*What you need to do*. Would you please copy all of the data exactly, skipping the images?
*** Records shown Section Begins ***
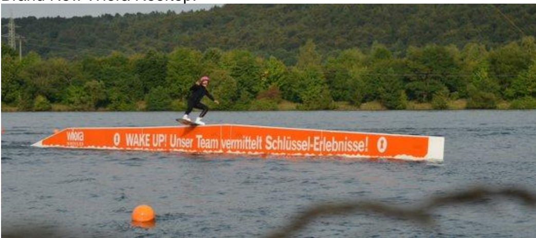
Brand New Wiora Rooftop:
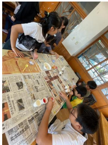
「グラスサンドアート」づくり

名護屋城博物館では、歴史を学び、学芸員さんの説明に真剣に耳を傾けました。話の聞き方やマナーがよいと褒めていただきました。
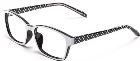
●ALF-006 DOT (ドット)
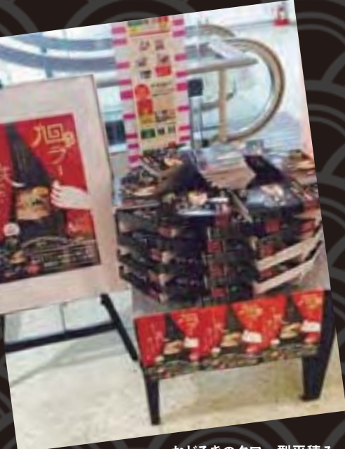
おどろきのタワー型平積み (ジュンク堂書店様)
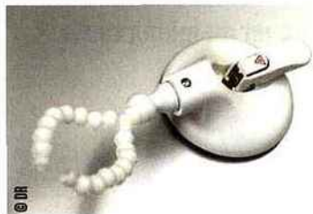
Poignée à ventouse (Mobeli)

Que ce soit dans la salle de bains, les sanitaires ou encore la cuisine, nous avons déjà vanté à plusieurs reprises l'intérêt des poignées et barres à fixation à ventouses, en particulier le système Mobeli en raison de sa sûreté d'utilisation (indicateur de sécurité mesurant en permanence la force d'adhésion de la ventouse). Rappelons quelques atouts : aucuns travaux, possibilité de repositionner à volonté la ventouse. Outre la fonction de porte-miroir précédemment mentionnée, les supports à ventouses dotés d'un crochet ou d'une pince représenteront des aides utiles pour garder à portée divers accessoires de soins, sèche-cheveux par exemple.
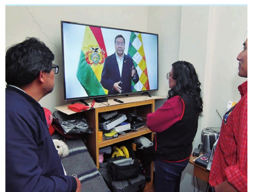
El discurso televisado del presidente Luis Arce Catacora

En los 18 días de bloqueo, la Policía intentó levantar sin éxito varios puntos clave. El martes estalló la violencia en Mairana y el viernes pasado se produjo una resistencia con explosivos en Parotani, Cocha-
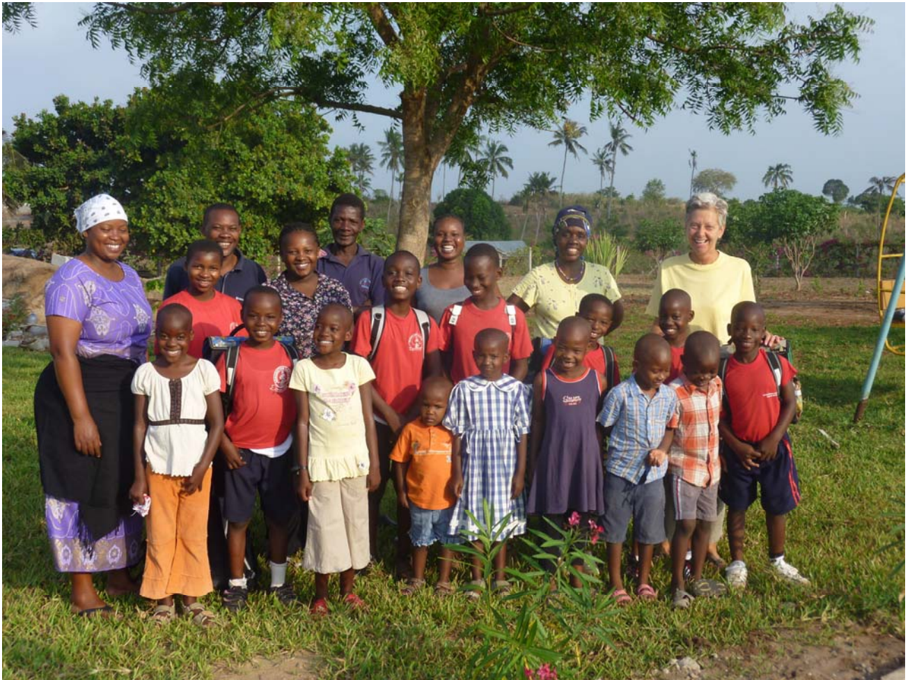
Ahsanteni sana – die Kinder danken Ihnen allen von Herzen für Ihre Grosszügigkeit!
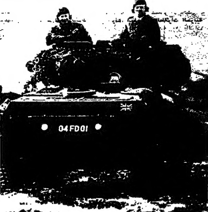
فوج مصحة سكوريون، الاميرة ان تتجج في الامتحان
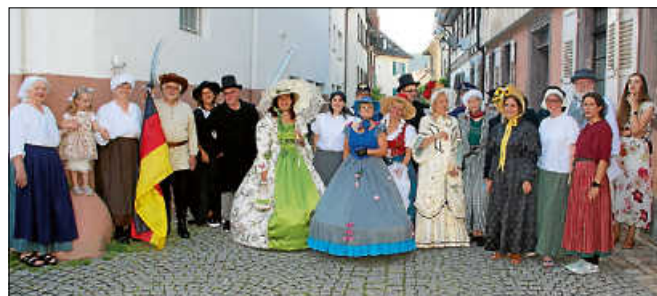
Derzeit finden Proben für das Revolutionsspiel statt.
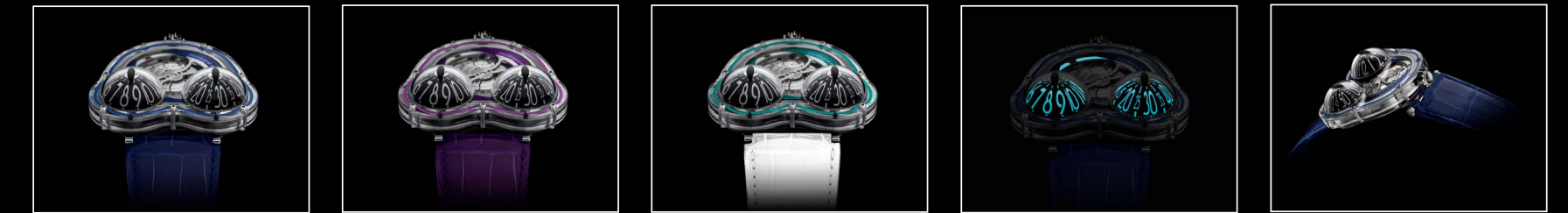
HM3 FROG X FACE BLUE
*** Records shown Section Ends ***
*Output below*.
Brand New Wiora Rooftop:
「グラスサンドアート」づくり

名護屋城博物館では、歴史を学び、学芸員さんの説明に真剣に耳を傾けました。話の聞き方やマナーがよいと褒めていただきました。
●ALF-006 DOT (ドット)
おどろきのタワー型平積み (ジュンク堂書店様)
Poignée à ventouse (Mobeli)

Que ce soit dans la salle de bains, les sanitaires ou encore la cuisine, nous avons déjà vanté à plusieurs reprises l'intérêt des poignées et barres à fixation à ventouses, en particulier le système Mobeli en raison de sa sûreté d'utilisation (indicateur de sécurité mesurant en permanence la force d'adhésion de la ventouse). Rappelons quelques atouts : aucuns travaux, possibilité de repositionner à volonté la ventouse. Outre la fonction de porte-miroir précédemment mentionnée, les supports à ventouses dotés d'un crochet ou d'une pince représenteront des aides utiles pour garder à portée divers accessoires de soins, sèche-cheveux par exemple.
El discurso televisado del presidente Luis Arce Catacora

En los 18 días de bloqueo, la Policía intentó levantar sin éxito varios puntos clave. El martes estalló la violencia en Mairana y el viernes pasado se produjo una resistencia con explosivos en Parotani, Cocha-
Ahsanteni sana – die Kinder danken Ihnen allen von Herzen für Ihre Grosszügigkeit!
فوج مصحة سكوريون، الاميرة ان تتجج في الامتحان
Derzeit finden Proben für das Revolutionsspiel statt.
HM3 FROG X FACE BLUE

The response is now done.